Two Arab gunmen and an Israeli soldier were killed on Tuesday in some of the bloodiest violence in years on the usually quiet Israel-Jordan border, the Israeli army said.
The fighting, during an ambush of an Israeli patrol and a search for the attackers at the River Jordan, underlined the absence of peace in the Holy Land, where Christmas was marked in a sombre mood after 15 months of Israeli-Palestinian bloodshed.
There was no immediate claim of responsibility for the assault amid simmering Palestinian anger over Israel's ban on President Yasser Arafat's annual Christmas pilgrimage to Bethlehem.
Describing the shooting attack about 15 km (nine miles) north of the West Bank, an Israeli army officer said the commander of the patrol and a tracker were shot and wounded in the initial gunfire near the border fence in a farming area.
"We got a search party together and went in there to flush out the terrorists," he told Israel radio.

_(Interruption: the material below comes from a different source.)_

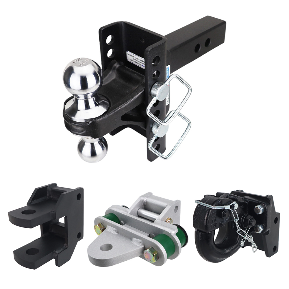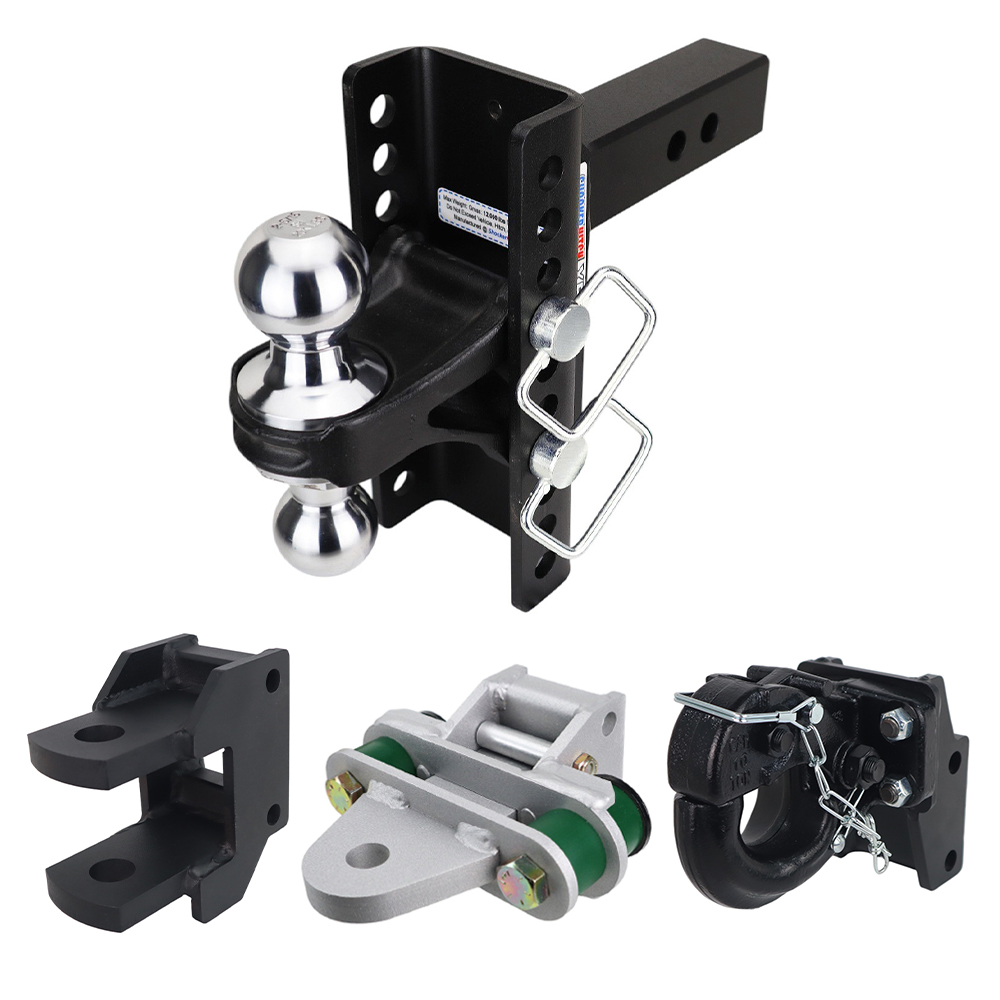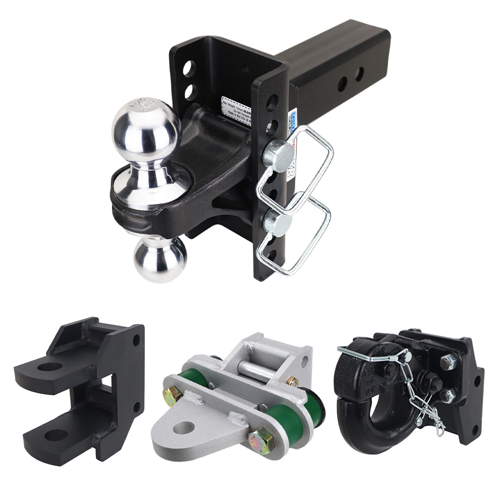 - All In One Deluxe Package: Includes combo ball, pintle hook, 4 cushion drawbar with 1″ hole, clevis pin attachment with 1-1/4″ holes for quick hookup on a variety of trailers.

A soldier was killed and two others were wounded in an ensuing battle, the army said, adding that the bodies of two "armed terrorists" were later found just inside Israel.
Security sources first reported that Israeli forces had entered Jordan in pursuit of the gunmen but later said troops crossed the frontier fence -- short of the actual border -- without leaving Israeli territory.
Israel and Jordan signed a peace treaty in 1994.
While ambulances rushed in to evacuate the wounded, an Israeli helicopter gunship poured machinegun fire into a grove of trees where the gunmen were believed to have fled.
Jordanian Minister of State Saleh Qallab denied reports Israeli forces had crossed the border and said there was no proof the infiltrators had come from Jordan.
But a security source told Reuters in Amman that authorities have in recent months foiled scores of infiltration attempts by young Jordanians who sympathise with the Palestinian uprising against Israeli occupation.
"There has been a noticeable increase by misled young Jordanians who think they can liberate Palestine by crossing the River and shooting at Israelis," the source said.
The raid was one of the most serious incidents of bloodshed along the frontier in years.
The bloodiest attack since the 1994 peace treaty occurred in 1997 when a Jordanian soldier killed seven Israeli schoolgirls at the border.
In 1996, Palestinian gunmen who infiltrated from Jordan killed three Israeli soldiers in the West Bank.